Patients with LOPS will furniture walk or utilize an assistive device to increase their sensory feedback through their upper body to compensate
for the lack of feedback in the lower extremities.
Infrared light therapy is a valuable tool for improving circulation in the
lower leg and thereby, improving sensation.
SENSORY ASSESSMENT
Semmes Weinstein Monofilament Test: utilizes a monofilament to test
sensation over the sole of the foot and the palmar surface of the hand.
Can utilize 5 point or 10 point scale for each foot.
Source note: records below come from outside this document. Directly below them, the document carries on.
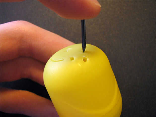 Empezar preparando los agujeros para las piernas, el LED y las antenas. Cuidadosamente empuja el clavo a través de los puntos deseados y había ensanchado los agujeros un poco con la lima redonda. No ensanchar los dos antena diminutos orificios, como el núcleo de los dos cables pequeños debe ser lo único que cabe por.
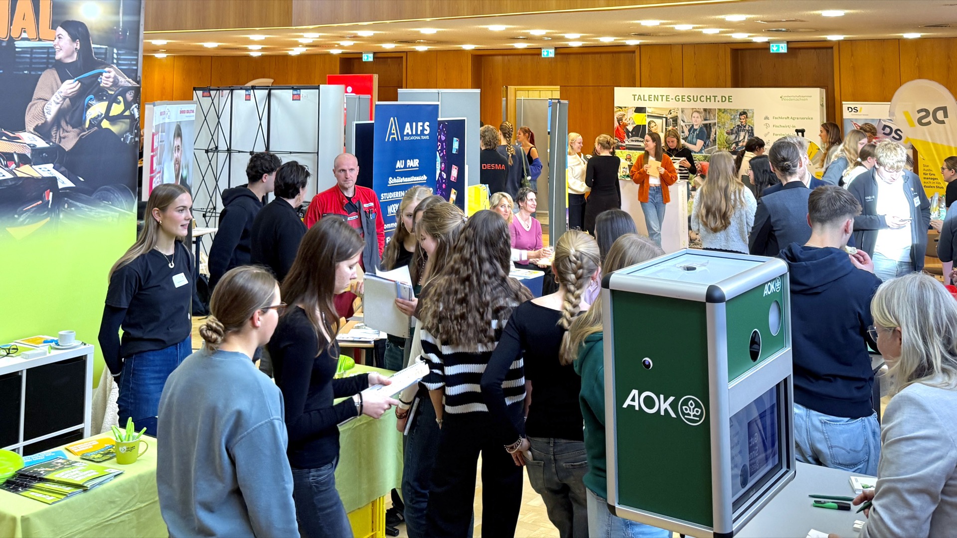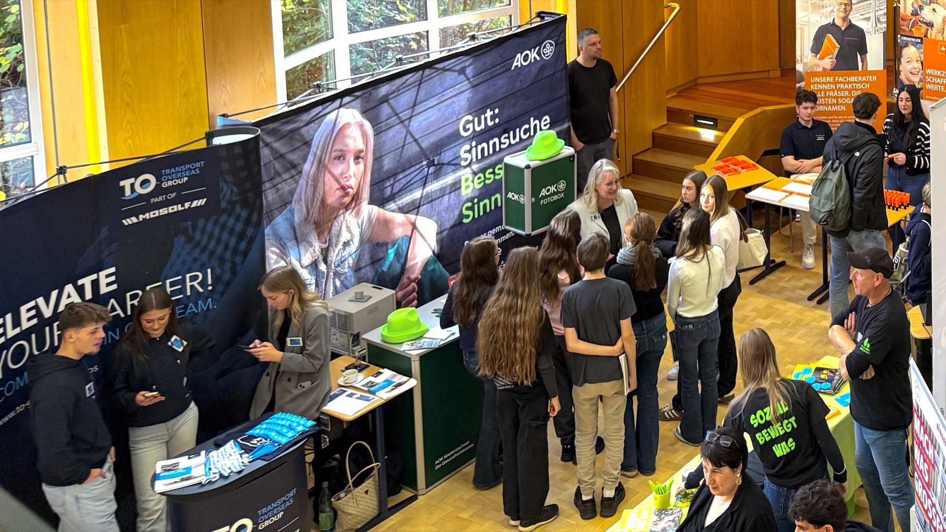 Bei der Berufsmesse "Abi – Was nun?" hatten über 850 Schülerinnen und Schüler unserer Schule am 13. November 2025 die Möglichkeit, sich über ihre berufliche Zukunft zu informieren. 50 Unternehmen informierten an Ständen in der Aula über Ausbildungsmöglichkeiten und Arbeitsfelder nach dem Studium.
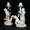 Coppia di candelieri in porcellana bianca e policroma modellati a raffigurare...

5.07/10g monofilament is recommended to identify peripheral neuropathy
Charts are available for tracking the patient’s progress and the test provides
an objective measure of change if a modality such as infrared is being
utilized.
BALANCE
Modified Clinical Test for Sensory Integration and Balance
4 step test that measures the degree to which each sensory system contributes to the
patient’s equilibrium
Assists the clinician in determining which system the patient relies on and which systems
must be facilitated
Provides evidence for gait instability on compliant surfaces and in low light
Can be used as a treatment intervention in preparation for gait training on uneven or compliant surfaces and to improve gait in low light situations such as getting up during the
night to go to the bathroom or walking down a dark hallway to get to a bedroom.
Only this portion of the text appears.